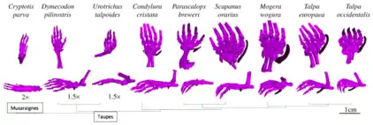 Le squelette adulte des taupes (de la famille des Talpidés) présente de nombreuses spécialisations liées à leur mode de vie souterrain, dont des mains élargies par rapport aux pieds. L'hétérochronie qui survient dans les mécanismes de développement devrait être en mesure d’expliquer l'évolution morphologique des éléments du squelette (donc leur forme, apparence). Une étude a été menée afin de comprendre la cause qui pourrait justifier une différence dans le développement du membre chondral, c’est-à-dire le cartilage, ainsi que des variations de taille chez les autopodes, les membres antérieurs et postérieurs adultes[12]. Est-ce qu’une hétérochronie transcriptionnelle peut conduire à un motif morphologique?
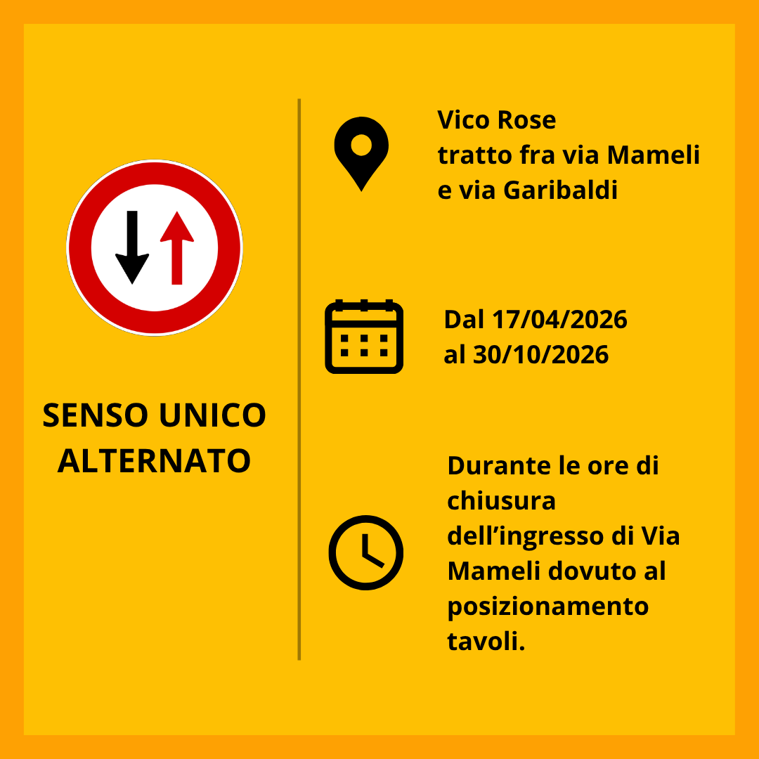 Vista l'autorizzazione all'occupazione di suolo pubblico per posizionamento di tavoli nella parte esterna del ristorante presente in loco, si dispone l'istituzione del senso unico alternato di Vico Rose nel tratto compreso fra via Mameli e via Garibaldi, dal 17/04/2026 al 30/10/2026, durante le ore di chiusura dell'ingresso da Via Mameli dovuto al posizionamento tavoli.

--

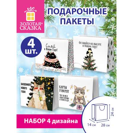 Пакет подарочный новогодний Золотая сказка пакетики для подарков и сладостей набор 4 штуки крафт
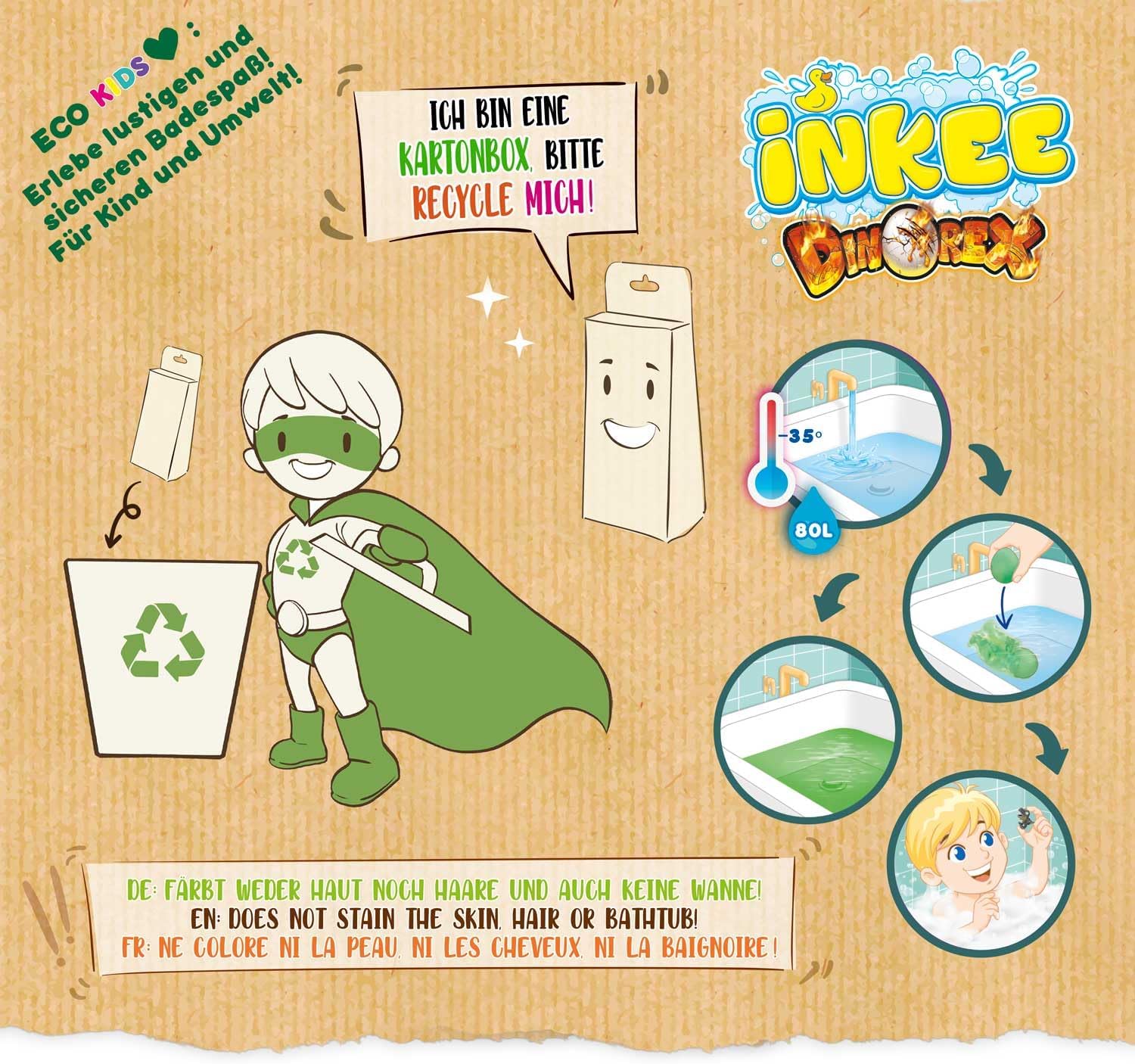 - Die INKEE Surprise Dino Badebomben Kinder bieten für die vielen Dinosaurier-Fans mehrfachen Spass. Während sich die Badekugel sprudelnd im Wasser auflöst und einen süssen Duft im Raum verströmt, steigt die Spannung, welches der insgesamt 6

--

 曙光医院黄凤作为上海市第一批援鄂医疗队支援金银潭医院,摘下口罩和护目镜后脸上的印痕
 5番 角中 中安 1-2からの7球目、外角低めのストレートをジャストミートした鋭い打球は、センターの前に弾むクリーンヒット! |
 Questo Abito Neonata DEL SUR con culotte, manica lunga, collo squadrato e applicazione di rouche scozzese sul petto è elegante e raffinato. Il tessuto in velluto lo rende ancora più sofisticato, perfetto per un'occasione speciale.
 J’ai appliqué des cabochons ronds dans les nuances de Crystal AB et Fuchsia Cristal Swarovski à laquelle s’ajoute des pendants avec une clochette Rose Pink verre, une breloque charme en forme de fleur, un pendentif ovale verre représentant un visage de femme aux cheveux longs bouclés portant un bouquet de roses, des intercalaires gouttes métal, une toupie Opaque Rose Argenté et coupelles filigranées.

_TASK INSTRUCTIONS_
Reproduce, exactly as they stand in the data above, the lines from the one that holds "Questo Abito Neonata" to the one that holds "J’ai appliqué des", inclusive.

_EXERCISE ANSWER_
 Questo Abito Neonata DEL SUR con culotte, manica lunga, collo squadrato e applicazione di rouche scozzese sul petto è elegante e raffinato. Il tessuto in velluto lo rende ancora più sofisticato, perfetto per un'occasione speciale.
 J’ai appliqué des cabochons ronds dans les nuances de Crystal AB et Fuchsia Cristal Swarovski à laquelle s’ajoute des pendants avec une clochette Rose Pink verre, une breloque charme en forme de fleur, un pendentif ovale verre représentant un visage de femme aux cheveux longs bouclés portant un bouquet de roses, des intercalaires gouttes métal, une toupie Opaque Rose Argenté et coupelles filigranées.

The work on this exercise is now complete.